Philippine exports up in May; trade deficit narrows further on imports drop

MANILA, NNA – Philippine exports in May were up year-on-year for the second straight month while the trade deficit continued to narrow on a decline in imports, data from the Philippine Statistics Authority released Wednesday showed.

The Philippines’ National Economic and Development Authority said it is confident the country’s trade performance will recover in the second quarter with prospects for more solid economic growth.

Key points:

-- Exports totaled $6.16 billion in May, up 1 percent from $6.09 billion during the same month a year earlier. The rise was led by copper concentrates (+192.1%), wiring sets used in vehicles, aircraft and ships (+31.7%), fresh bananas (+28.6%) and chemicals (+20.1%). Electronics remained the top export item, with $3.45 billion, up 6.2 percent from a year earlier.

-- “The slight pick-up in exports may be attributed to diversification of the country’s export items and export destinations, as well as improved trade and diplomatic relations with major export markets, such as Japan, China, South Korea, the U.S., and other Asian countries,” RCBC economist Michael Ricafort said.

-- Exports to the United States rose 9.8 percent to $1.08 billion, followed by China at $896.95 million, Japan at $862.15 million, Hong Kong at $764.83 million and Singapore at $329.17 million.

-- Imports dropped 5.4 percent to $9.43 billion from $9.97 billion. The decline was due to reduced purchases of iron and steel (-25.5%), transport equipment (-19.3%), mineral fuels, lubricants and related materials (17.2%), plastic in primary and non-primary forms (-13.7%), industrial machinery and equipment (-4.8%) and food and live animals (-3.7%).

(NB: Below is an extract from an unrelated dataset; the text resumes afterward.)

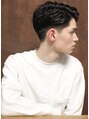 ベースは前髪長めのツーブロックの髪型。パーマをゆるくかけてトップのボリュームと毛流れを作る事でハチの膨らみを解消しています。ツーブロック部分にグラデーションをつける事で伸びてきても気になりにくくした30代40代の方にもオススメの大人の髪型です。

-- The drop in imports was caused by slower global growth amid the U.S.-China trade dispute and the uncertainty over Brexit, Ricafort said.

-- The trade deficit narrowed further to $3.28 billion in May from $3.88 billion a year earlier.

Takeaway:

-- The National Economic and Development Authority sees trade performance recovering in the coming months, citing above 6-percent GDP growth estimates for the Philippines from the World Bank and the Asian Development Bank.

-- “The global economic outlook for 2019 remains subdued as policy uncertainties and some geopolitical tensions continue to pose risks to many economies,” Socioeconomic Planning Secretary Ernesto M. Pernia said in a statement. “But amid these external developments, the country’s economic outlook remains upbeat.”

-- Ricafort said exports are expected to grow further as the country continues to diversify export products and markets, and that imports could pick up with public works spending.